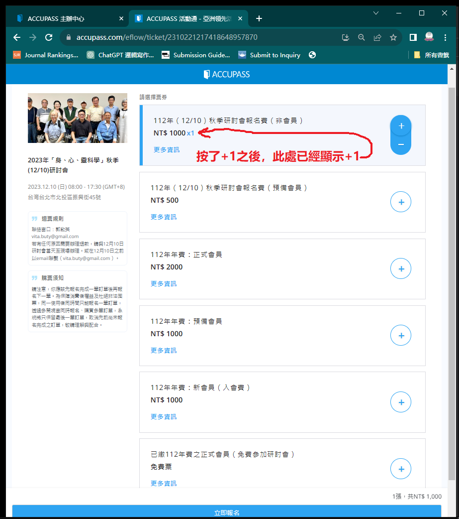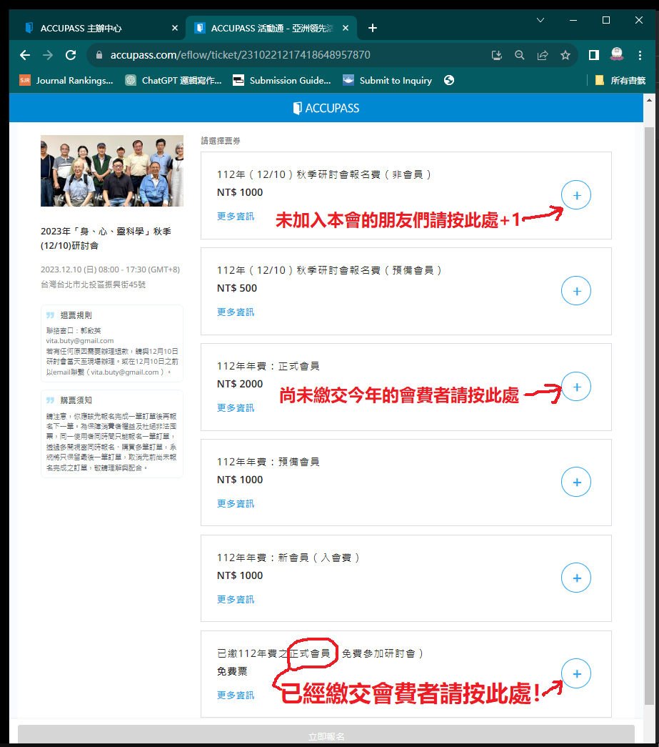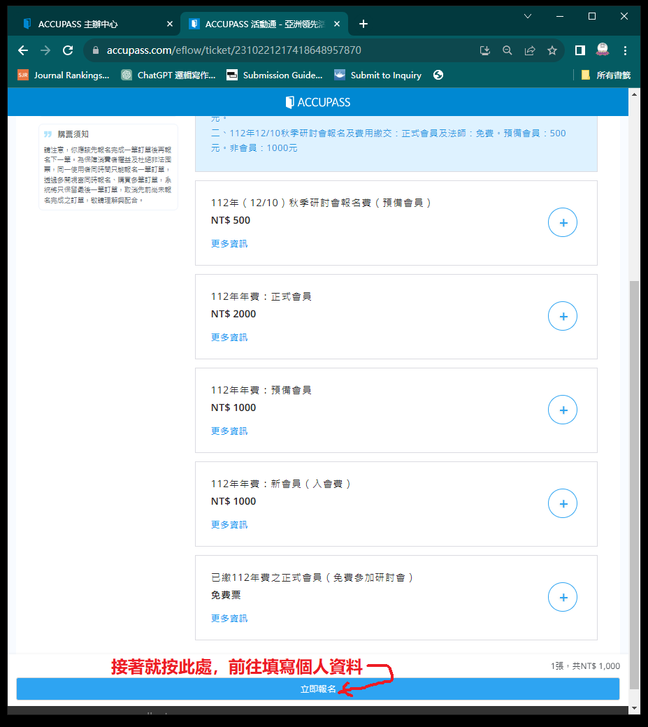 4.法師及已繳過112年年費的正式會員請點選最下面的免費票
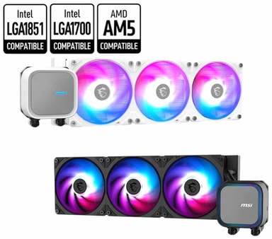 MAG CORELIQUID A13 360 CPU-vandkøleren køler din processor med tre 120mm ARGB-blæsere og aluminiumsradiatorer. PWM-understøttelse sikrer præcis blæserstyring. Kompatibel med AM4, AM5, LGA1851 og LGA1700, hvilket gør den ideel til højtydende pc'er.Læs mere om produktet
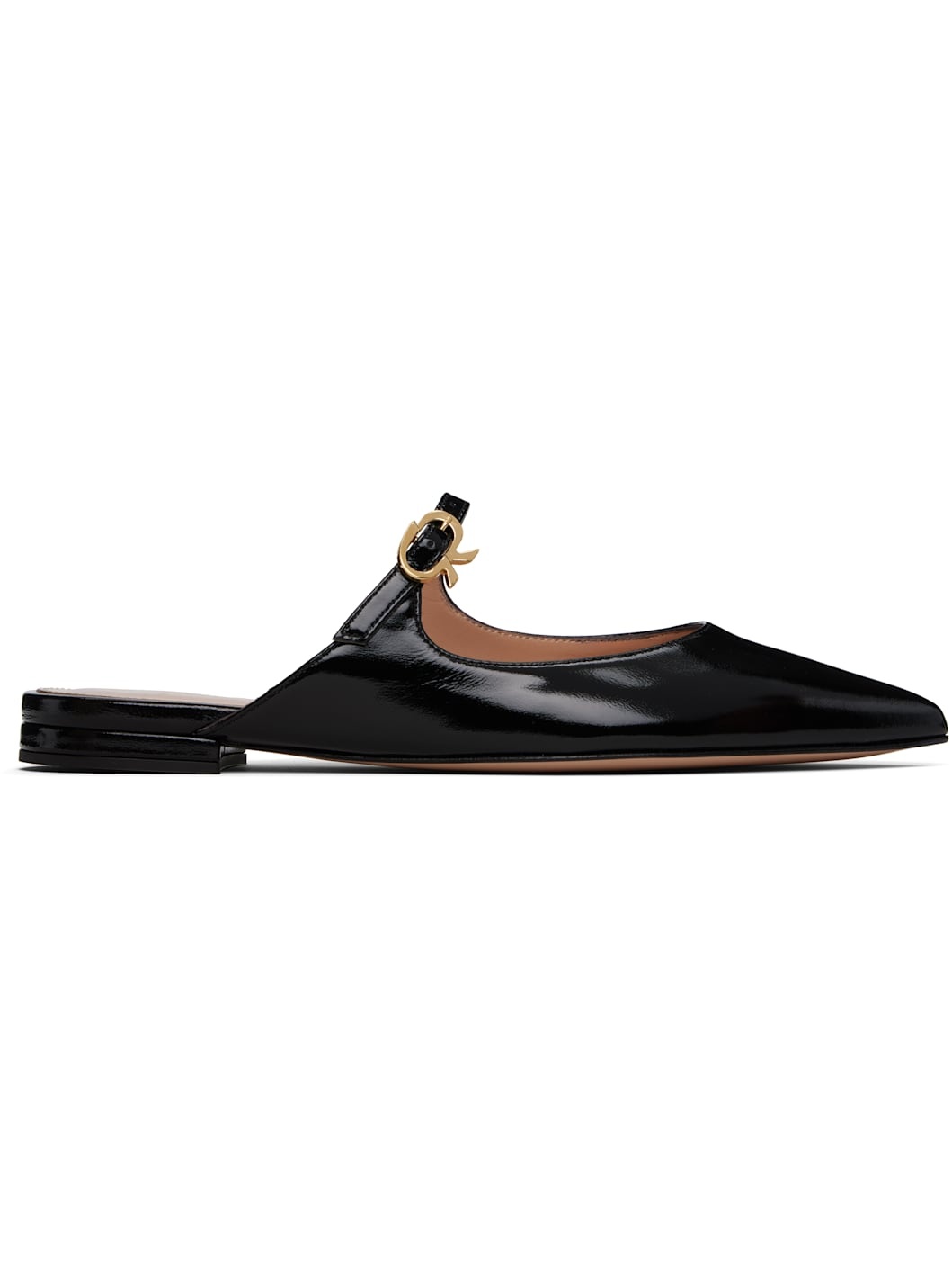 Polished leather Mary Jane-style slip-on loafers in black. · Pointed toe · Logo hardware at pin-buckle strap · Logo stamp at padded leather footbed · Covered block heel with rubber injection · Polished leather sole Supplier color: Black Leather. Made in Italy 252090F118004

▶ AIM OF THE EXERCISE: Without the pictures, repeat the line with "MAG CORELIQUID A13" and every line after it to the end of the listing, and nothing else.

▶ YOUR SOLUTION:
 MAG CORELIQUID A13 360 CPU-vandkøleren køler din processor med tre 120mm ARGB-blæsere og aluminiumsradiatorer. PWM-understøttelse sikrer præcis blæserstyring. Kompatibel med AM4, AM5, LGA1851 og LGA1700, hvilket gør den ideel til højtydende pc'er.Læs mere om produktet
 Polished leather Mary Jane-style slip-on loafers in black. · Pointed toe · Logo hardware at pin-buckle strap · Logo stamp at padded leather footbed · Covered block heel with rubber injection · Polished leather sole Supplier color: Black Leather. Made in Italy 252090F118004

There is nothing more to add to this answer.